*Data below:*

____

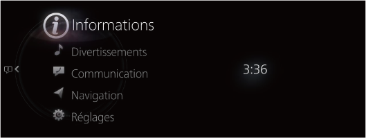 Appuyer sur l’interrupteur de commande pour afficher le menu.
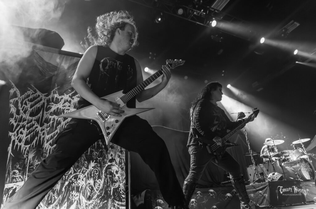 Frozen Soul delivered a crushing, no-frills assault that felt like being buried alive in a blizzard of riffs and raw aggression. From the moment they hit the stage, their signature old-school Texas death metal sound locked in—downtuned guitars grinding like glaciers, thunderous drums, and cavernous vocals that echoed through the venue with chilling intensity. The crowd fed off every punishing breakdown, turning the pit into a swirling storm of energy, while the band’s tight, relentless performance proved they’re more than just hype—they’re the real deal. No gimmicks, no wasted motion—just pure, bone-freezing brutality that left everyone in the room both exhausted and wanting more.
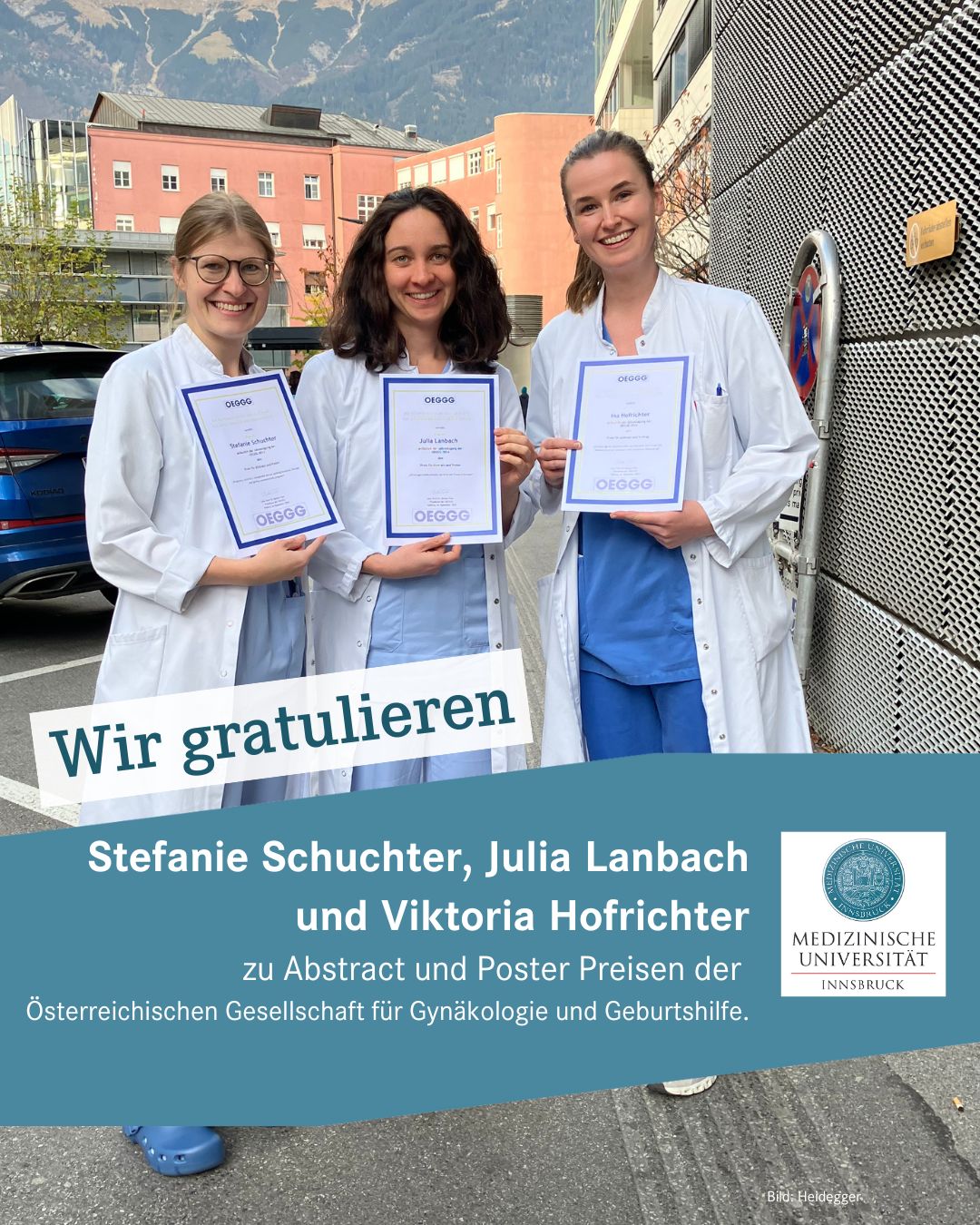 Im Rahmen der 32. Jahrestagung der AGO Austria (Arbeitsgemeinschaft für Gynäkologische Onkologie der österreichischen Gesellschaft für Gynäkologie und Geburtshilfe) in Salzburg wurden zwei junge Forscherinnen der Innsbrucker Univ.-Klinik für Gynökologie und Geburtshilfe (Direktor: Christian Marth) mit Posterpreisen ausgezeichnet. Das Poster „Tumor Mutation Burden beim p53-mutierten Endometriumkarzinom und p53-mutierten serösen high-grade Ovarialkarzinom“ von Katharina Steger wurde als bestes prämiert. In dieser Studie konnte gezeigt werden, dass eine hohe TMB (tumor mutational burden) sowohl beim p53-mutierten Endometriumkarzinom als auch beim p53-mutierten high-grade serösen Ovarialkarzinom mit verbessertem Überleben verbunden ist. Möglicherweise kann selbst eine geringe Präsentation von Neoantigenen beim p53-mutierten Endometriumkarzinom eine Immunreaktion auslösen und damit die Prognose signifikant beeinflussen. Die Prämierung als drittbestes Poster galt der Arbeit von Miriam Emmelheinz, in der gezeigt werden konnte, dass sowohl die Kühlung als auch die Kombination von Kühlung und Kompression an Extremitäten das Auftreten von Polyneuropathie bei Patientinnen mit gynäkologischen Tumoren unter taxanhaltiger Chemotherapie deutlich verminderte; beide Methoden zeigten sich bei den 200 rekrutierten Patientinnen als sicher und nebenwirkungsarm (CROPSI Studie unter der Leitung von Christine Brunner).

____

*What you will do:* Set down each line of the material exactly and skip every image.

*Response for this exercise:*
 Appuyer sur l’interrupteur de commande pour afficher le menu.
 Frozen Soul delivered a crushing, no-frills assault that felt like being buried alive in a blizzard of riffs and raw aggression. From the moment they hit the stage, their signature old-school Texas death metal sound locked in—downtuned guitars grinding like glaciers, thunderous drums, and cavernous vocals that echoed through the venue with chilling intensity. The crowd fed off every punishing breakdown, turning the pit into a swirling storm of energy, while the band’s tight, relentless performance proved they’re more than just hype—they’re the real deal. No gimmicks, no wasted motion—just pure, bone-freezing brutality that left everyone in the room both exhausted and wanting more.
 Im Rahmen der 32. Jahrestagung der AGO Austria (Arbeitsgemeinschaft für Gynäkologische Onkologie der österreichischen Gesellschaft für Gynäkologie und Geburtshilfe) in Salzburg wurden zwei junge Forscherinnen der Innsbrucker Univ.-Klinik für Gynökologie und Geburtshilfe (Direktor: Christian Marth) mit Posterpreisen ausgezeichnet. Das Poster „Tumor Mutation Burden beim p53-mutierten Endometriumkarzinom und p53-mutierten serösen high-grade Ovarialkarzinom“ von Katharina Steger wurde als bestes prämiert. In dieser Studie konnte gezeigt werden, dass eine hohe TMB (tumor mutational burden) sowohl beim p53-mutierten Endometriumkarzinom als auch beim p53-mutierten high-grade serösen Ovarialkarzinom mit verbessertem Überleben verbunden ist. Möglicherweise kann selbst eine geringe Präsentation von Neoantigenen beim p53-mutierten Endometriumkarzinom eine Immunreaktion auslösen und damit die Prognose signifikant beeinflussen. Die Prämierung als drittbestes Poster galt der Arbeit von Miriam Emmelheinz, in der gezeigt werden konnte, dass sowohl die Kühlung als auch die Kombination von Kühlung und Kompression an Extremitäten das Auftreten von Polyneuropathie bei Patientinnen mit gynäkologischen Tumoren unter taxanhaltiger Chemotherapie deutlich verminderte; beide Methoden zeigten sich bei den 200 rekrutierten Patientinnen als sicher und nebenwirkungsarm (CROPSI Studie unter der Leitung von Christine Brunner).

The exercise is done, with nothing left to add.